The function BICAM (Bayesian Immune Cell Abundance Model) uses Bayesian hierarchical models to model abundance data for cell populations with a predictor variable. This models each cell type simultaneously while incorporating potential relationships between the cell populations. The relationship utilized in this model is user dependent based on the function inputs for setting up the covariance structure. This package utilizes rjags and runjags packages to run Gibbs sampling for posterior estimation.

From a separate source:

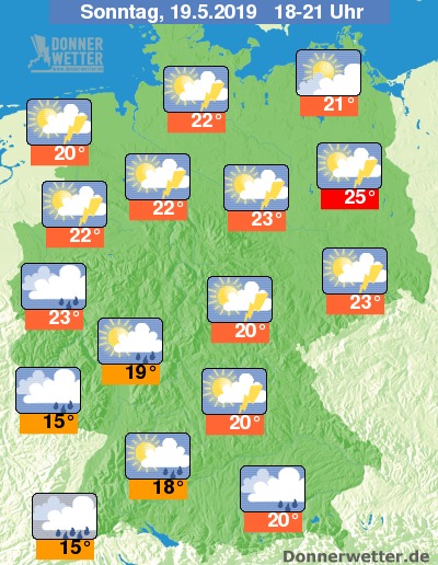 Heute Abend lockert es hier und da auf, häufig ziehen aber auch dichte Wolken durch, die vielerorts für Schauer und lokale Gewitter sorgen. Die Temperatur liegt bei 15 Grad in der Pfalz und bis 25 Grad in Berlin.

Back to BTIME Repo: https://github.com/FridleyLab/BTIME

Installation

Before running this package, the JAGS (Just Another Gibbs Sampler) program needs to be installed. You can download from https://sourceforge.net/projects/mcmc-jags/files/.

library(BTIME)

Dataset


# dfmif <- read.csv('~/mIF_Test_Data.csv', check.names = FALSE) # Load in data
# dat <- dfmif |> dplyr::select(suid,total,stage,M1,M2,M3) # Construct data to match setup of image below

For setting up your data, you will want to set your data into a data frame. For one predictor/covariate, the setup should be as follows:

1st column: Subject IDs
2nd column: Total Cell Counts
3rd column: Predictor Variable
Last M columns: Parameters of Interest Counts

For two or more predictors/covariates, the setup should be as follows:

1st column: Subject IDs
2nd column: Total Cell Counts
Next ncov columns: Predictor Variables
Last M columns: Parameters of Interest Counts


Example:
Below shows the set up of the data frame for one predictor (A) and two or more predictors (B). For (A), we have “Sub. IDs” in the first column, “Total Cell Count” in the second column, the stage of cancer (0 = “Low” (1 or 2), & 1 = “High” (3 or 4)) as the predictor variable in the third column, and markers M1, M2, and M3 in the last 3 columns (3 markers/parameters of interest). For (B), we have “Sub. IDs” in the first column, “Total Cell Count” in the second column, the stage of cancer and age at diagnosis as the predictor variables in the third & fourth columns, respectively, and markers M1, M2, and M3 in the last 3 columns (3 markers/parameters of interest).

Data setup


# Using BICAM

Required inputs:
dat - Data frame containing data set constructed as shown above
M - Number of parameters/markers of interest
adapt - Number of adaptation iterations for initializing JAGS model (iterations removed from analysis)
burn - Number of burn-in iterations (iterations removed from analysis)
it - Number of sampling iterations used for posterior analysis

Optional inputs:
thin - Thinning Interval (default = 1)
ran_eff - 0 for NO repeated measurements, 1 FOR repeated measurements (default = 1)
ncov - Number of predictors/covariates input in the model (default = 1)
chains - Number of chains to run in the JAGS model (default = 4)
cores - Number of cores to use to run the JAGS model (default = 4) (must be \(\geq\) chains for maximum efficiency)
v0_mu_logit - Predicted proportion of the parameters of interest (default = 0.01 —> 1%)
model - Covariance structure used in Bayesian model (default = “Unstr”) (See “BICAM: Covariance Structures” article for more information about the different covariance structures)
dis - Distance matrix used for exponential decay model (required if using exp. decay model) (default = NULL)
tree - Tree-structured covariance matrix used for tree model (required if using tree or scaled tree model) (default = NULL)
treelevels - List of matrices for the multi-level, tree-structured covariance matrix for ‘TreeLevels’ model (required if using multi-level tree model) (default = NULL)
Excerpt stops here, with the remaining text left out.